Vote in the presidential election. Vote in your local elections. Vote in any way you can for candidates with comprehensive and responsible energy and environmental policies.
This election year, the main issue is the economy. Healthcare, gas prices and the war in Iraq get their fair share of attention on the campaign trail as well. Young voters, many of whom are voting for a presidential candidate for the first time, need to demand that this election also focuses on our collective future. The environment is no longer a fringe political issue. It is inherently intertwined with issues of economics, social inequality and public health.
We can’t keep drilling for more oil and mining for more coal. We can’t keep destroying landscapes and ecosystems at an ever-accelerating pace. We can’t keep pumping enormous amounts of carbon dioxide into the atmosphere.

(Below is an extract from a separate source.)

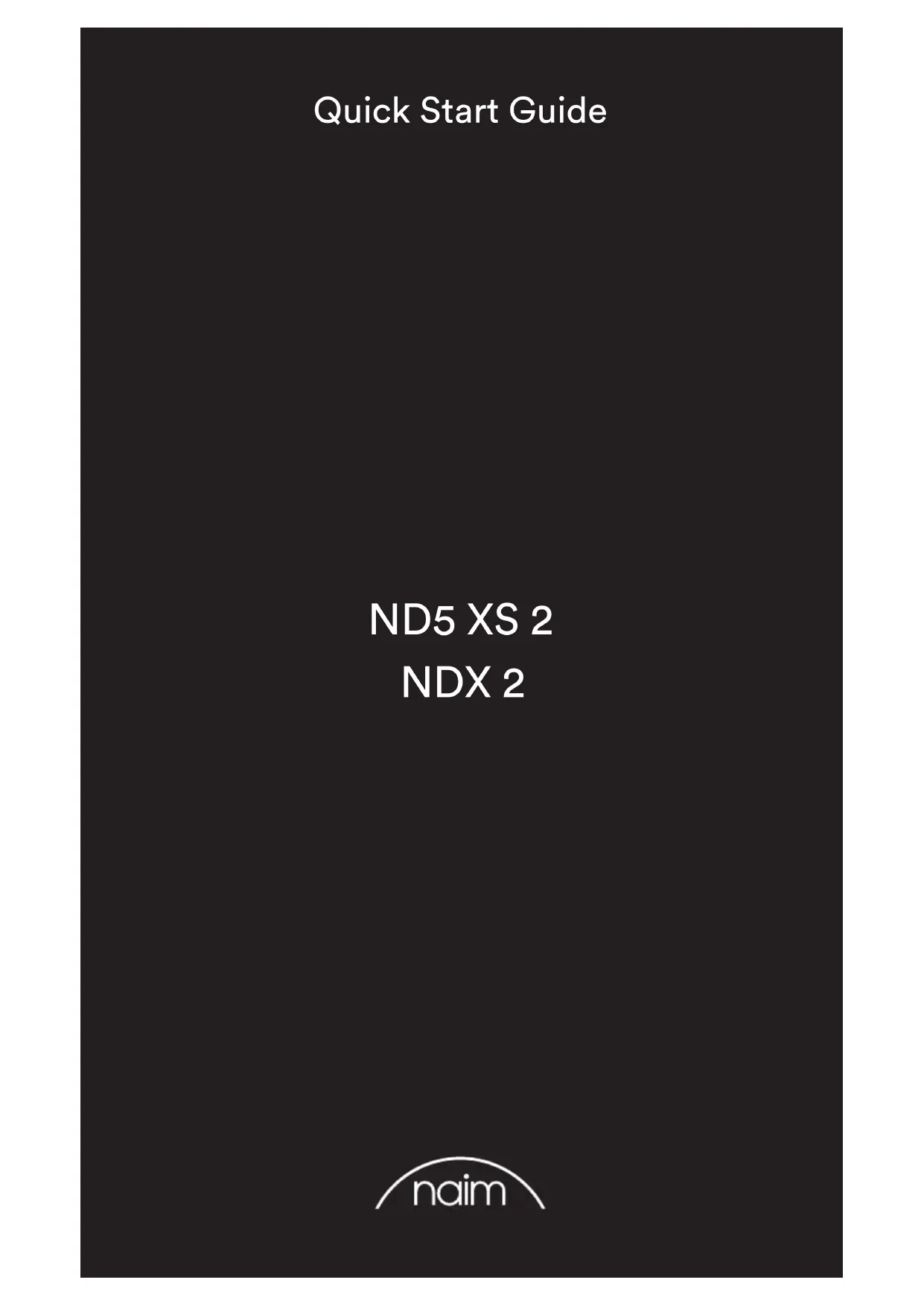 Visite el sitio web de Naim si necesita asistencia adicional y guías de configuración y soporte interactivas. www.naimaudio.com/customer-support Contacto streamer-support@naimaudio.com Línea de asistencia: +44 (0) 333 321 9923 (Reino Unido) +1 800 961 5681 (EE. UU. y Canadá) Français 1 Liste des éléments fournis 1 x NDX 2 ou 1 x ND5 XS 2, 1 x documentation, 1 x chiffon nettoyant (NDX 2 uniquement), 1 x télécommande (NDX 2 uniquement), 4 x piles AAA, 1 x câble d'alimentation, 1 x cavalier pour câble Burndy (NDX 2 uniquement), 1 x adaptateur BNC - RCA, 1 x câble d'interconnexion (DIN 5 broches 5 broches), 1 x antenne Bluetooth, 2 x antennes Wi-Fi 2 Faites connaissance avec votre ND5 XS 2 Ces schémas de l'avant et de l'arrière présentent les caractéristiques opérationnelles et les connecteurs de votre nouveau ND5 XS 2. 2 Faites connaissance avec votre NDX 2 Ces schémas de l'avant et de l'arrière présentent les caractéristiques opérationnelles et les connecteurs de votre nouveau NDX 2. 3 Télécommande (NDX 2 uniquement) 4 Une configuration simple Vous aurez besoin d'un système hi-fi, d'un câble réseau, d'un routeur avec Wi-Fi connecté à Internet et d'un smartphone ou d'une tablette. 5 ND5 XS 2 – Connexion et alimentation (A) Commencez par éteindre votre système hi-fi. (B) Branchez le câble réseau Ethernet du routeur vers le ND5 XS 2 (s'il n'y en a pas, branchez deux antennes Wi-Fi à la place) et 1 antenne Bluetooth à l'arrière du ND5 XS 2. (C) Utilisez le câble d'interconnexion (DIN 5 broches 5 broches) pour raccorder le lecteur à l'amplificateur intégré de votre système hi-fi. (D) Branchez le câble d'alimentation au connecteur d'alimentation de l'appareil et au secteur. (E) Allumez le lecteur réseau en appuyant sur le bouton de mise en marche à l'avant. (F) Rallumez votre système hi-fi. 5 NDX 2 – Connexion et alimentation (A) Commencez par éteindre votre système hi-fi. (B) Branchez le câble réseau Ethernet du routeur vers le NDX 2 (s'il n'y en a pas, branchez deux antennes Wi-Fi à la place) et 1 antenne Bluetooth à l'arrière du NDX 2. (C) Installez le cavalier pour câble Burndy à l'arrière de l'appareil. (D) Utilisez le câble d'interconnexion (DIN 5 broches 5 broches) pour raccorder le lecteur au préamplificateur de votre système hi-fi. (E) Branchez le câble d'alimentation au connecteur d'alimentation de l'appareil et au secteur. (F) Allumez le lecteur réseau en appuyant sur le bouton de mise en marche à l'avant. (G) Rallumez votre système hi-fi. 5 Connexion du NDX 2 avec une alimentation externe Les performances du NDX 2 peuvent facilement êtreoptimisées en y ajoutant une alimentation externe, pour obtenir une amélioration significative de la qualité du son. Il est possible de raccorder une alimentation CD555 PS, XPS ou XP5 XS au NDX 2 à l'aide d'un câble SXPS Burndy. Lorsqu'il est utilisé avec une alimentation externe, le NDX 2 doit être débranché du secteur. Débranchez-le du secteur avant de le raccorder à l'alimentation externe. 6 Appariement de la télécommande (NDX 2 uniquement) Une fois votre appareil branché et allumé, vous devez apparier la télécommande. Pour cela, appuyez sur le bouton de lecture en façade puis maintenez enfoncé le bouton d'accueil de la télécommande pendant 3 secondes. La télécommande est à présent appariée avec l'appareil et prête à être utilisée. 7 Téléchargement de l'application Naim Téléchargez et installez l'application Naim pour votre appareil iOS ou Android. Lancez l'application Naim et suivez les instructions pour configurer le produit. 8 Lecture de musique Accédez à vos stations radio Internet et vos services de streaming préférés, lisez votre musique enregistrée sur un serveur Naim (tel que l'Uniti Core) et faites de votre lecteur réseau la source de votre système multipièces. Votre lecteur réseau comprend aussi des connexions numériques, permettant le raccordement de vos sources externes. A. Services de streaming en ligne Spotify Connect (1) Connectez votre appareil partenaire à votre réseau wifi. (2) Ouvrez l'application Spotify sur votre téléphone, tablette ou ordinateur portable à l'aide du même réseau wifi. (3) Lancez un titre et sélectionnez Appareils disponibles. (4) Sélectionnez votre appareil partenaire et écoutez votre musique. B. Streaming depuis un serveur de musique C. Serveur de musique pour un streaming multipièces D. Lecture de sources externes Entrées numériques Quatre entrées numériques haute résolution jusqu'à 24 bits / 192 kHz (S/PDIF), permettant une connexion optimale à des sources externes. 9 Autres conseils et FAQ Pour en découvrir plus, et notamment des guides interactifs pour la configuration et le support, visitez le site Web de Naim. www.naimaudio.com/customer-support Contact streamer-support@naimaudio.com Assistance téléphonique: +44 (0) 333 321 9923 (RU) +1 800 961 5681 (États-Unis et Canada) Italiano 1 Contenuto della confezione NDX 2 o x ND5 XS 2, Cartella con i documenti, Panno per la pulizia (solo NDX 2), Telecomando (solo NDX 2), 4 pile AAA, Cavo di alimentazione, Connettore Burndy (solo NDX 2), Adattatore BNC > RCA, Cavo di interconnessione (DIN 5-5 pin), Antenna Bluetooth, Antenna Wi-fi 2 ND5 XS 2 Le immagini che raffigurano la parte anteriore e quella posteriore illustrano le caratteristiche operative e le prese del tuo nuovo ND5 XS 2. 2 NDX 2 Le immagini che raffigurano la parte anteriore e quella posteriore illustrano le caratteristiche operative e le prese del tuo nuovo NDX 2. 3 Il telecomando (solo NDX 2) 4 Facile da configurare Avrai bisogno di un sistema hi-fi, di un cavo di rete, di un router collegato a Internet e di uno smartphone o di un tablet. 5 ND5 XS 2 Collegamento e alimentazione (A) Per prima cosa, spegni il tuo il sistema hi-fi. (B) Collega il cavo di rete Ethernet dal router all'ND5 XS 2 (se non è disponibile, collega 2 antenne wi-fi) e un'antenna Bluetooth dietro all

If we don’t change our policies and practices now, we’ll have to pay for these mistakes in the future. Our current elected officials may not be around to deal with the consequences, but we will be. We have to demand that we begin to use energy more efficiently as a nation, that we generate our energy from clean and renewable resources, that we conserve our resources, and that we preserve our valuable ecosystems.
With last month’s unemployment rate at 6.1 percent, we have the opportunity to boost our economy by creating millions of green jobs and generating clean and renewable energy right here at home. We have the opportunity to alleviate social injustices and improve the health of and quality of life for families living in towns currently suffering from the localized impacts of coal plants, mining sites and other hazardous pollution. We have the opportunity to reduce our dependence on foreign oil and its accompanying conflicts and financial debt.
By switching to clean, renewable and domestic sources of energy, we can solve many of the problems upon which this election is focused. It’s a win-win situation all around, and every candidate in every election this fall needs to recognize that. But how? It’s easy — sign the Power Vote pledge.
Power Vote is a national nonpartisan effort to mobilize young voters for a clean and just energy future. Signing the pledge sends the message to all candidates and elected officials that we care about these issues and expect them to be a larger part of this election season. Go to powervote.org or look for opportunities to sign the pledge on campus in the coming weeks. Make sure you register to vote before Oct. 6, and if you’re voting absentee, remember to mail in the application by Oct. 28.
Carefully consider each candidate’s energy and environmental policies before making your final decision. Then, get out there and vote in November. And remember: Vote for your future.
Caroline Cress is a junior at the College.